The international outlook of the VBS model is further illustrated by the fact that the HAK Floridsdorf (Franklinstrasse) is a UNESCO school (one of 44 in Austria), and has partner schools in Denmark and Poland. Furthermore, there is an emphasis on familiarising students with the European Union, for example through Europatage (Europe days) or projects, as for example in the case of the HAK Floridsdorf.

Through the concept of HAK Plus, the Vienna Business School focuses particularly on exceptionally talented students, and enriches the existing HAK curriculum with additional skills, such as methodological, personal and social competences, as well as encouraging students to participate in extracurricular activities.

===Reputation===
Vienna Business Schools can often be found in top positions in Austrian school rankings. Vienna Business Schools also have top-ranks in Bundesländer (state-level) rankings.

The Vienna Business Schools have a particularly good reputation in so far as their education has a project oriented, interdisciplinary focus with an emphasis on personal development, as well as putting a premium on the use of modern technologies. Liz Hull, Head of Human Resources at PwC in Austria, states that "In our experience, those university graduates that have attended commercial academies are particularly client-focused, inquisitive and socially competent. In addition, they catch on in areas such as accounting a lot quicker than others".

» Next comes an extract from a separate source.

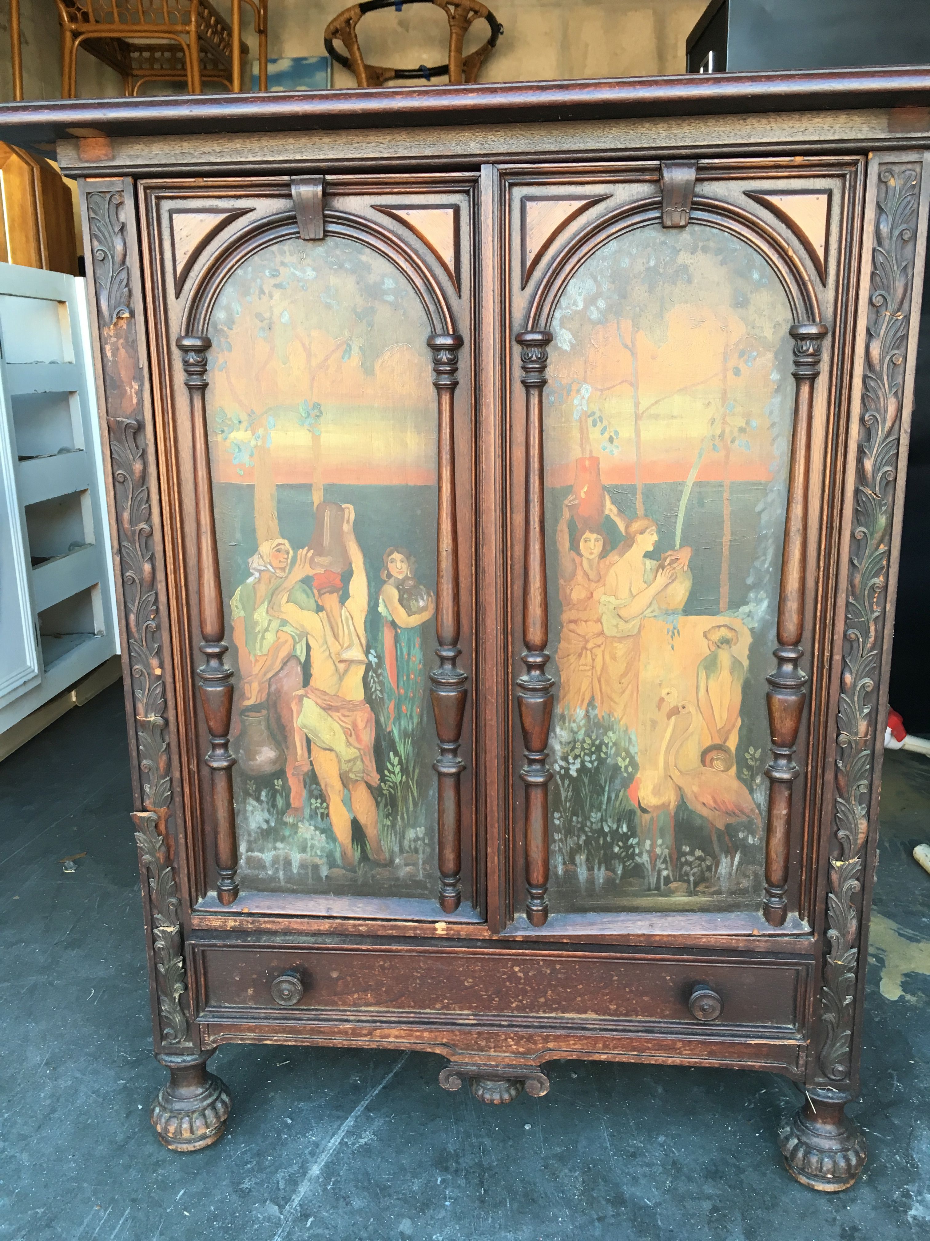 I have a cabinet made by Elgin A. Simonds Company. It has painted murals on each of the doors, and a drawer below. It measures 35" high x 28.5 wide at top x 17.5 deep. I'm sure its value is diminished by the damaged scrolling trim and that someone drilled a hole in the back to use it as a TV stand.

Many prominent members of the Austrian political, cultural and business elite are among the alumni of the Vienna Business School. Among the most prominent former students is the former Bundespräsident (Federal President) of Austria, Heinz Fischer.

==Cooperation with business==
The Vienna Business Schools has close links with major Austrian companies, such as the Raiffeisen Bank, BauMaxx (hypermarket chain), the Generali Group (insurance), and Uniqa, and multinationals such as Acer, Microsoft, Canon, and JVC. Businesses often hold 'career days' at the schools, and get involved with various projects.